Para Deas, the penny dropped tras haber leído las Monografías de Rufino Gutiérrez, un inspector de la hegemonía conservadora que dejó un relato extraordinario de la política pueblerina de sus tiempos, y la fuente que inspiró el clásico ensayo de Malcolm sobre el caciquismo en Colombia.
Existe entre los historiadores cierto fetiche con los archivos, hasta definen la disciplina. Deas no los despreciaba. Pero les dio especial valor a los libros, “a todos los posibles”, como lo expresara Jorge Orlando Melo, y a otras fuentes, como las visuales, que le permitieron “formas inesperadas de ver el pasado (Contexto, 29/8/2023).
Muchos de sus trabajos comenzaron, en las mismas palabras de Deas, “en una librería de viejo”.
Tales relatos atrapaban su ‘fascinación’ por la historia colombiana. Eran, claro, fuentes obligadas del oficio, cuyo valor Malcolm rescataba con advertencias.

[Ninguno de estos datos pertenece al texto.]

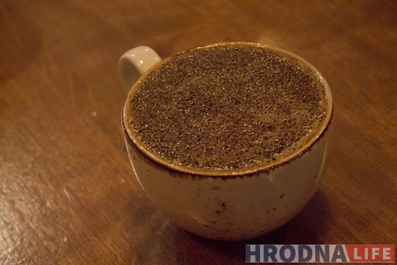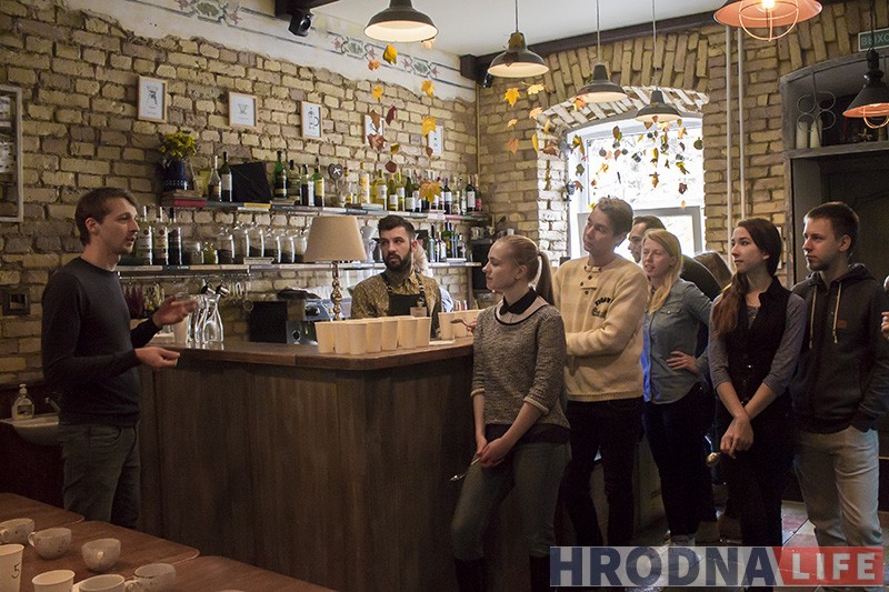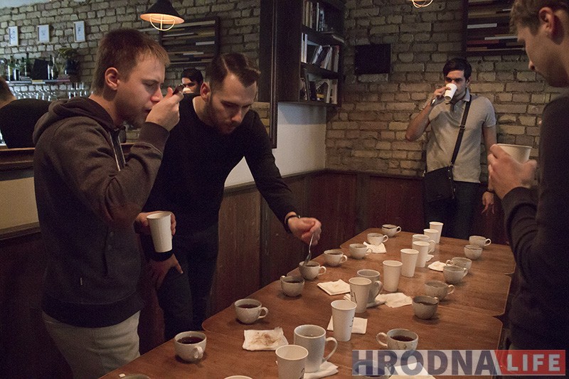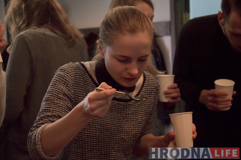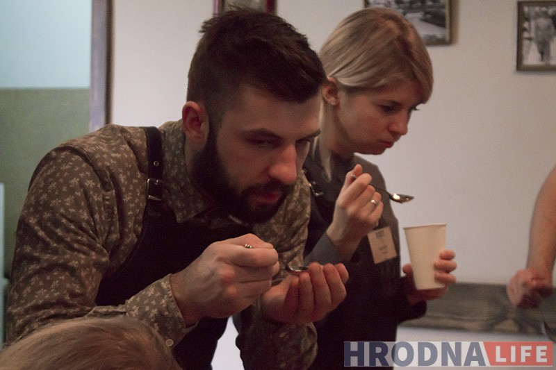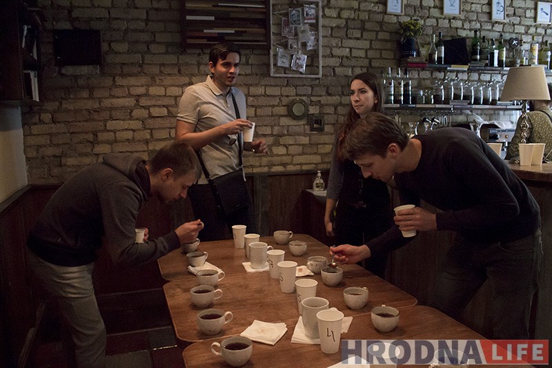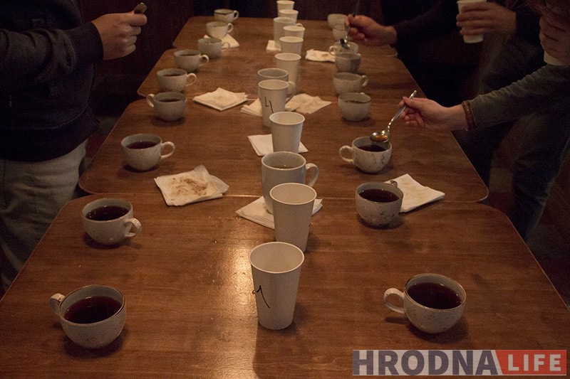 У кавярня змалолі зерне. Гродзенцы ўдыхалі водар кавы і адзначалі для сябе найпрыемнейшы пах. Затым каву залілі кіпнем з чайніка. Праз чатыры хвіліны – столькі трэба, каб кава заварылася, – здымалі плёнку. Акуратна, каб не падняць з дна кубка гушчу.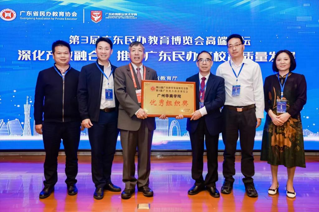 期间,在第3届广东民办教育博览会高端论坛上,鸭脖荣获“优秀组织奖”荣誉称号,学校代表出席论坛会并上台领奖。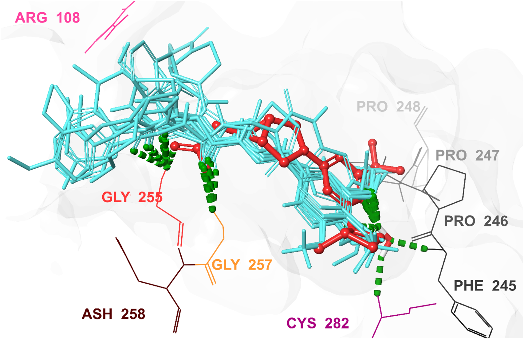 Figure 9. 3D interaction pattern of the docked top-ranked hits and the co-crystallized Ligand in the KHK-C binding site (PDB ID: 6W0Z). This figure illustrates the 3D interaction pattern of the docked top-ranked hits and the co-crystallized ligand in the human KHK-C binding site (PDB ID: 6W0Z). Key interacting residues, including Arg108, Phe245, Pro246, Pro247, Pro248, Gly255, Gly257, and Cys282, are highlighted. The co-crystallized ligand is displayed in red, while the superimposed top-ranked hits are shown in cyan, providing a clear comparison of their binding modes and interactions within the active site.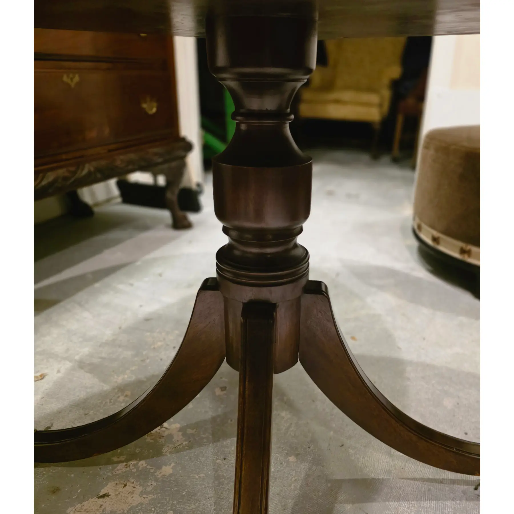 Sculptural central column pedastal base that transitions into four curved legs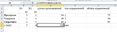 6. Решение задачи в EXCEL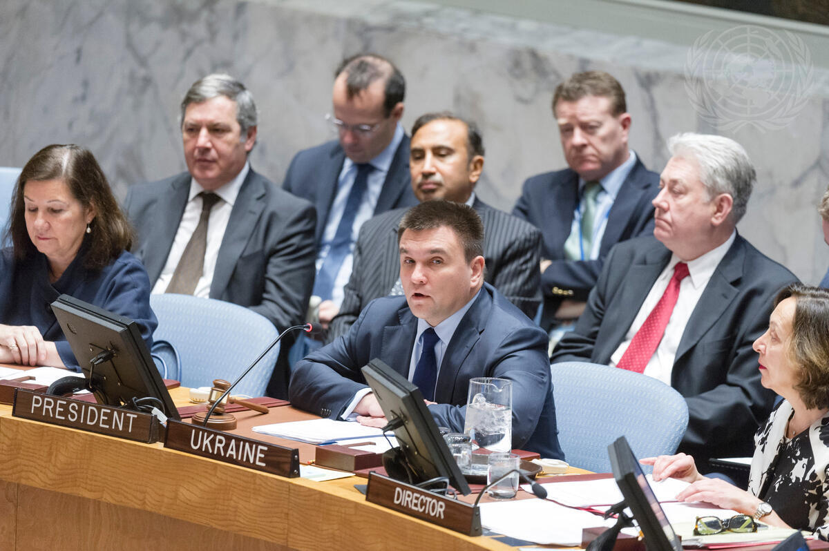 Pavlo Klimkin (front centre), Minister for Foreign Affairs of Ukraine and President of the Security Council for February, chairs the Council's open debate on the protection of critical infrastructure against terrorist attacks.

Así sucedió con su ensayo sobre El traslado de los huesos de Jorge Isaacs desde Ibagué hasta Medellín, después de haber descubierto, en “una destartalada miscelánea”, un folleto publicado por la imprenta oficial de Antioquia con discursos y documentos relacionados con aquel gran evento (La apoteosis de Isaacs, 1905).
Algo similar ocurrió con su trabajo sobre las fuentes de poder de Miguel Antonio Caro y de otros presidentes de la época, al observar “la existencia de tantos textos viejos de gramática” en sus “andanzas por las librerías de segunda mano”. Se lamentaba de tardíos descubrimientos, como el de un “panfleto, de miserable apariencia”, con las memorias de un veterano de la batalla de La Humareda, que le hubiera servido para su ensayo sobre la guerra de 1885.
“¿Qué hace un historiador frente a un relato así?”, se preguntaba.
Tales relatos atrapaban su “fascinación” por la historia colombiana. Eran, claro, fuentes obligadas del oficio, cuyo valor Malcolm rescataba con advertencias. Las memorias de los generales de la guerra de los Mil Días, por ejemplo, “son testimonios de protagonistas: el historiador debe recordar que, con todas sus limitaciones, esos señores sí estaban presentes (en las batallas), y él no”. Y los volúmenes publicados sugerían desafíos a lugares comunes: los vencidos en las guerras escribieron “más que los vencedores”.
Los libros como objetos dejaban otras múltiples lecciones. Aquellos que “se encontraban en muchas librerías de segunda mano”, en “malas condiciones”, indicaban que habían sido “bien leídos”.
Ese fue ciertamente el caso con los textos de Vargas Vila, que se vendieron en su época como “sarampión”, y siguieron reimprimiéndose en ediciones populares para ventas callejeras. Malcolm editó una selección de sus obras (1986), en cuyo prólogo relata su memorable encuentro con el historiador argentino José Luis Romero cuando conversaron sobre los “grandes malos escritores”, como el mismo Vargas Vila.
“Muy raramente hay libros totalmente inútiles”, decía Deas: había que leer mucho libro viejo, bueno o malo”. Y repetía un “dicho” que no “ha perdido validez frente a la nueva historiografía: “Cuando sale un libro nuevo, es buena ocasión para leer un libro viejo”.
Con frecuencia repasaba los Escolios a un texto implícito, de Nicolás Gómez Dávila, de donde seleccionó uno de sus aforismos: “Período histórico interesante es aquel sobre el que existe un libro inteligente”.